Supplementary code for the Build a Large Language Model From Scratch book by Sebastian Raschka Code repository: https://github.com/rasbt/LLMs-from-scratch |
![]() |
Generating A Preference Dataset With Llama 3.1 70B And Ollama#
Preference finetuning is a process to align an instruction-finetuned LLM with human preferences
There are multiple ways to create a dataset for preference finetuning an LLM
We use the instruction-finetuned LLM to generate multiple responses and have humans rank them based on their preference and/or given preference criteria
We use the instruction-finetuned LLM to generate multiple responses and have LLMs rank them based on given preference criteria
We use an LLM to generate preferred and dispreferred responses given certain preference criteria
In this notebook, we consider approach 3
This notebook uses a 70-billion-parameter Llama 3.1-Instruct model through ollama to generate preference labels for an instruction dataset
The expected format of the instruction dataset is as follows:
Input#
[
{
"instruction": "What is the state capital of California?",
"input": "",
"output": "The state capital of California is Sacramento.",
},
{
"instruction": "Provide a synonym for 'fast'.",
"input": "",
"output": "A synonym for 'fast' is 'quick'.",
},
{
"instruction": "What is the capital of Greece?",
"input": "",
"output": "The capital of Greece is Athens.",
},
...
]
The output dataset will look as follows, where more polite responses are preferred ('chosen'
), and more impolite responses are dispreferred ('rejected'
):
[
{
"instruction": "What is the state capital of California?",
"input": "",
"output": "The state capital of California is Sacramento.",
"rejected": "Look, the state capital of California is obviously Sacramento.",
"chosen": "The state capital of California is Sacramento."
},
{
"instruction": "Provide a synonym for 'fast'.",
"input": "",
"output": "A synonym for 'fast' is 'quick'.",
"chosen": "A suitable alternative to 'fast' would be 'quick'.",
"rejected": "A synonym for 'fast' is 'quick'."
},
{
"instruction": "What is the capital of Greece?",
"input": "",
"output": "The capital of Greece is Athens.",
"chosen": "I'd be happy to help! The capital of Greece is indeed Athens.",
"rejected": "The capital of Greece is Athens."
},
...
]
Output#
The code doesn’t require a GPU and runs on a laptop given enough RAM
from importlib.metadata import version
pkgs = ["tqdm", # Progress bar
]
for p in pkgs:
print(f"{p} version: {version(p)}")
tqdm version: 4.65.0
Installing Ollama and Downloading Llama 3.1#
Ollama is an application to run LLMs efficiently
It is a wrapper around llama.cpp, which implements LLMs in pure C/C++ to maximize efficiency
Note that it is a tool for using LLMs to generate text (inference), not training or finetuning LLMs
Prior to running the code below, install ollama by visiting https://ollama.com and following the instructions (for instance, clicking on the “Download” button and downloading the ollama application for your operating system)
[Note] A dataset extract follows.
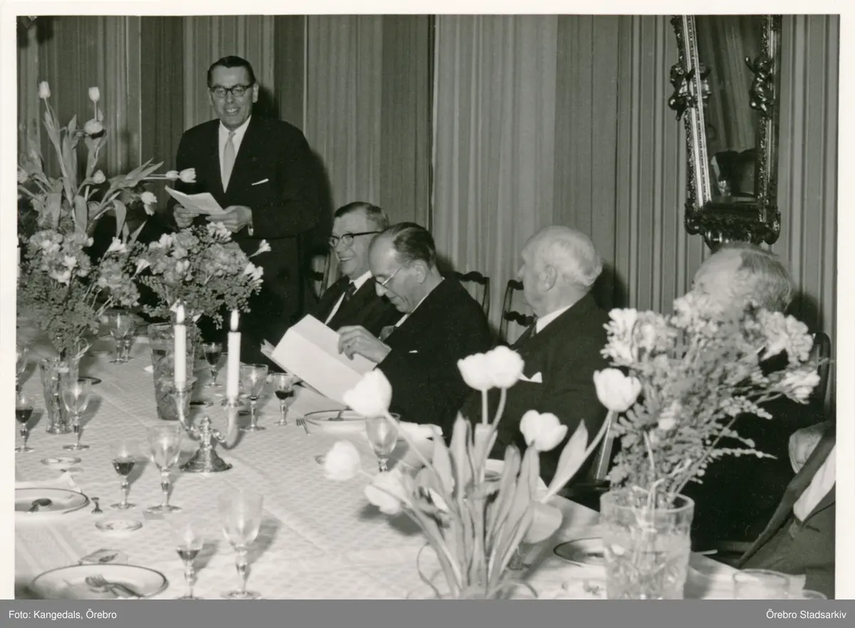 Fallenius håller tal på styrelsemiddag på Örebro Trafik AB, 1960-tal

For macOS and Windows users, click on the ollama application you downloaded; if it prompts you to install the command line usage, say “yes”
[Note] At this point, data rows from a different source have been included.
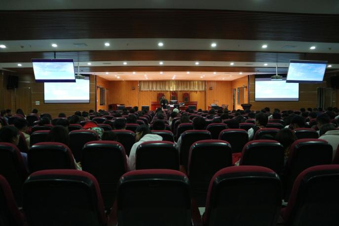 在模拟法庭举办“资助政策解读及励志感恩教育”专题讲座,学院党委副书记崔明堂担任主讲,2019级全体本科新生到场聆听。
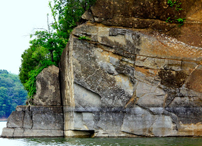The little cove in the picture below is where the bamboo grove is located. I actually got the boat inside that shallow cut. That's where I had trouble with the shaking camera. I had to pole the boat in there and keep it off the rocks on the shore line. I just couldn't hold the camera steady to get good photos. I will put a few below to show how dense this bamboo grows. It is really dense. The pictures of the bamboo may be tolerable if you don't enlarge them by clicking on them.
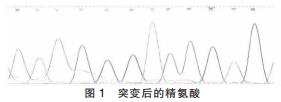 圖1以紅、藍、綠線的峰來通過單雙峰或套疊峰來判斷基因是否突變,綿羊FecB從編碼249位的谷氨酰胺(Q)突變成了精氨酸(R),即CAG突變成CGG,CGG即為突變后的精氨酸。通過基因比對,發(fā)現(xiàn)其發(fā)生突變,為純合子。
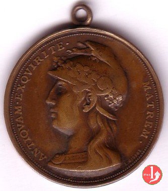 Verso: figura femminile, in piedi preso albero, di schiena, sorregge libro aperto su colonna dorica con in epigrafe alcune battaglie: CERNAJA - MONTEBELLO - PALESTRO - MAGENTA - SOLFERINO - DIGIONE
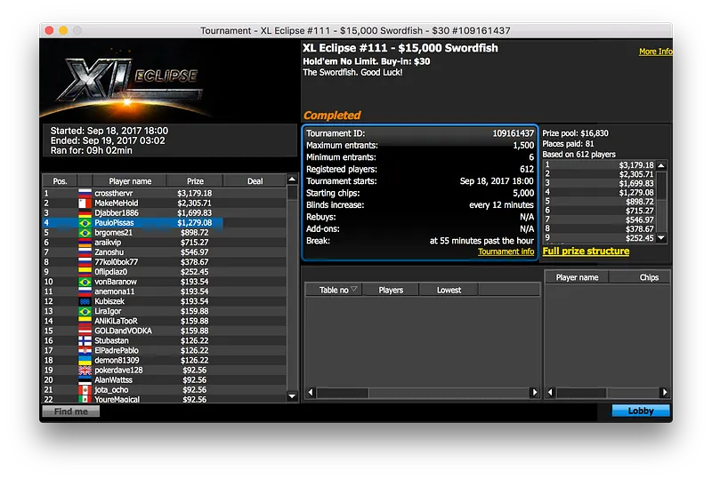 Na mesa final esteve ainda outro brazuca. PaDiLhA10 terminou no 9º posto e recebeu $476.

Linux users can use the installation command provided on the ollama website
In general, before we can use ollama from the command line, we have to either start the ollama application or run
ollama serve
in a separate terminal

With the ollama application or
ollama serve
running, in a different terminal, on the command line, execute the following command to try out the 70-billion-parameter Llama 3.1 model
# 70B model
ollama run llama3.1:70b
The output looks like as follows:
$ ollama run llama3.1:70b
pulling manifest
pulling aa81b541aae6... 100% ▕████████████████▏ 39 GB
pulling 8cf247399e57... 100% ▕████████████████▏ 1.7 KB
pulling f1cd752815fc... 100% ▕████████████████▏ 12 KB
pulling 56bb8bd477a5... 100% ▕████████████████▏ 96 B
pulling 3c1c2d3df5b3... 100% ▕████████████████▏ 486 B
verifying sha256 digest
writing manifest
removing any unused layers
success
Note that
llama3.1:70b
refers to the instruction finetuned 70-billion-parameter Llama 3.1 modelAlternatively, you can also use the smaller, more resource-effiicent 8-billion-parameters Llama 3.1 model, by replacing
llama3.1:70b
withllama3.1
After the download has been completed, you will see a command line prompt that allows you to chat with the model
Try a prompt like “What do llamas eat?”, which should return an output similar to the following:
>>> What do llamas eat?
Llamas are ruminant animals, which means they have a four-chambered
stomach and eat plants that are high in fiber. In the wild, llamas
typically feed on:
1. Grasses: They love to graze on various types of grasses, including tall
grasses, wheat, oats, and barley.
You can end this session using the input
/bye
Using Ollama’s REST API#
Now, an alternative way to interact with the model is via its REST API in Python via the following function
Before you run the next cells in this notebook, make sure that ollama is still running, as described above, via
ollama serve
in a terminalthe ollama application
Next, run the following code cell to query the model
First, let’s try the API with a simple example to make sure it works as intended:
import urllib.request
import json
def query_model(prompt, model="llama3.1:70b", url="http://localhost:11434/api/chat"):
# Create the data payload as a dictionary
data = {
"model": model,
"messages": [
{
"role": "user",
"content": prompt
}
],
"options": {
"seed": 123,
"temperature": 0,
}
}
# Convert the dictionary to a JSON formatted string and encode it to bytes
payload = json.dumps(data).encode("utf-8")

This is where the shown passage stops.